Au Japon, la start-up Astroscale-Japan a lancé une mission de type « Active Debris Removal », intitulée ELSA-d. L'entreprise japonaise a fait la démonstration en orbite, début 2024, d'un système de capture magnétique puis de désorbitation de débris spatiaux. Pour cela, la mission était composée de deux satellites lancés en même temps - un satellite pilote (175 kg), équipé de technologies de « rendez-vous » ainsi que d'un mécanisme d'amarrage magnétique et un plus petit satellite (17 kg) faisant office de « proie », équipée d'une plaque ferromagnétique qui permet l'amarrage.
Astroscale a également lancé en 2024 le satellite ADRAS-J, qui tente actuellement de s'approcher d'un fragment de fusée abandonné en orbite il y a quinze ans. L'équipe a pour objectif de photographier ce déchet spatial, d'analyser son état et ses mouvements, puis de synchroniser la rotation de la sonde avec celle du débris de façon à préparer son retrait de l'orbite.
En 2025, la start-up suisse ClearSpace SA lancera quant à elle avec l'Agence spatiale européenne une mission d'enlèvement actif de débris, appelée ClearSpace-1, qui effectuera un rendez-vous avec « Vespa », la structure porteuse à double lancement pesant 112kg utilisée avec le lanceur européen Vega en 2013, en vue de la capturer avec des bras robotiques et de la désorbiter.

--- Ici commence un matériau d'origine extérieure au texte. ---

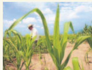
PASE A LA 46A
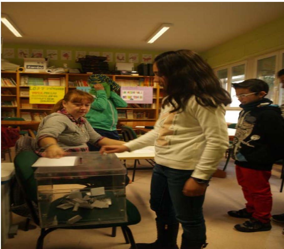
Figura 7: Las chicas y chicos de 6°.
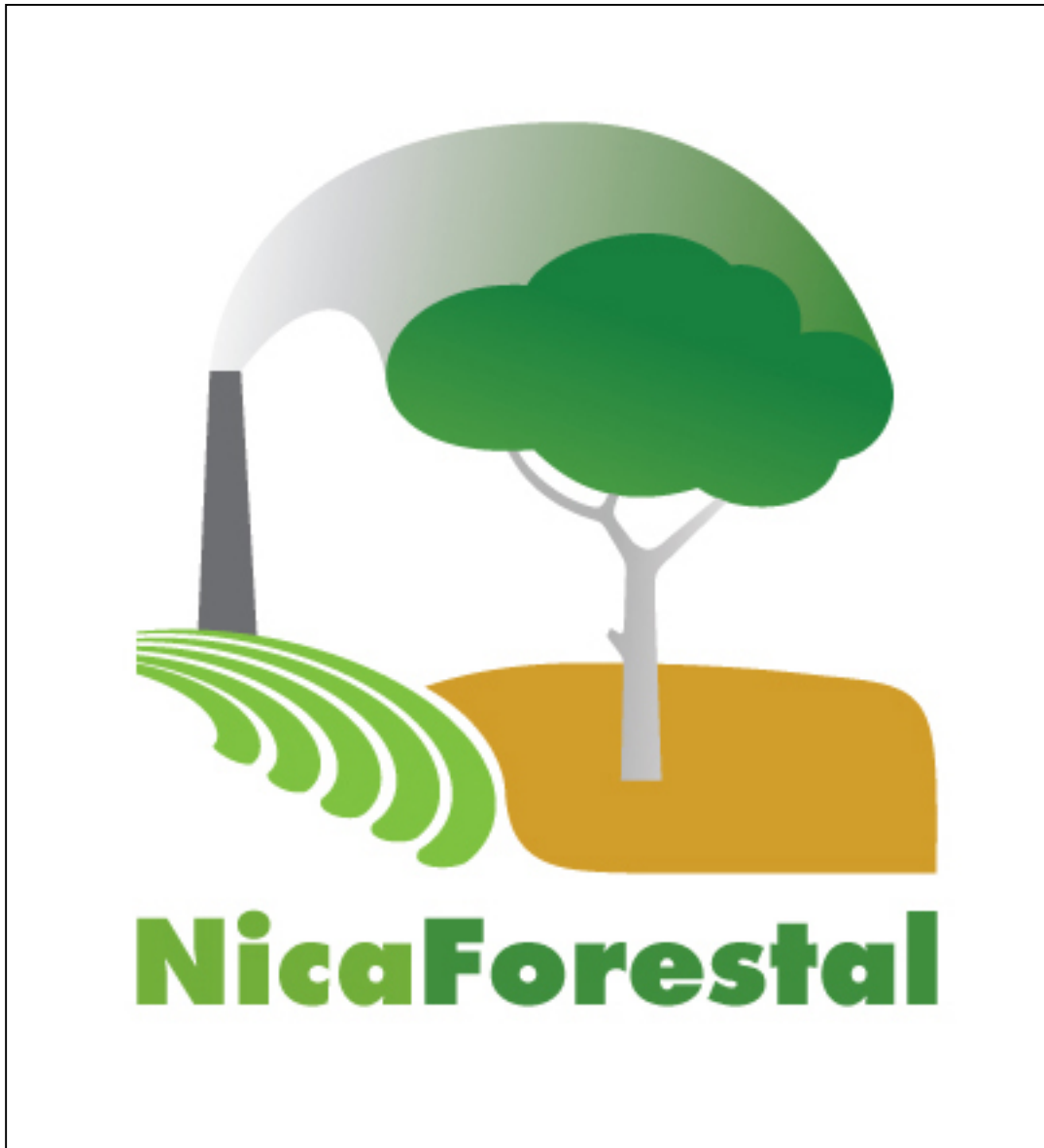
Figura 2. Logotipo de NicaForest, S. A

Ces premiers tests visent également à étudier les perspectives d'un marché de l'élimination des débris.
De son côté, la NASA envisage l'idée d'un nouveau type de « velcro spatial » qui pourrait agripper les débris. En s'inspirant des pattes du reptile le gecko, les chercheurs ont imaginé une pince robotisée équipée d'un adhésif non collant (propriétés électrostatiques) qui permettrait de capturer de petits débris. Bien que testé avec succès en laboratoire, son application en orbite reste à démontrer.
Enfin, l'utilisation de lasers au sol ou en orbite pourrait permettre de désorbiter manuellement des débris spatiaux, en déviant légèrement leur trajectoire, voire même en les éjectant de l'orbite terrestre. Pour prometteuse qu'elle soit, cette technique n'est pas encore mature et suscite des craintes quant aux dangers qu'elle pourrait générer dans l'espace, par exemple en endommageant des satellites.
Si, à première vue, les solutions ne manquent pas, nombre d'entre elles sont encore dans leur phase de test. Leur déploiement se heurte en réalité à plusieurs obstacles majeurs : un coût très élevé, associé à une forte consommation énergétique et à une complexité technique indéniable, liée aux vitesses orbitales, de l'ordre de 28 000 km/ heure.
* 18 L'Autriche, la Belgique, Chypre, l'Estonie, l'Allemagne, la Lituanie, la Pologne, le Portugal, la Roumanie, la Slovaquie, la Suède, le Royaume-Uni, le Mexique et la Nouvelle Zélande.
* 19 ArianeSpaceGroup, Eutelsat, CGSTL, Astroscale, ONU, CNES.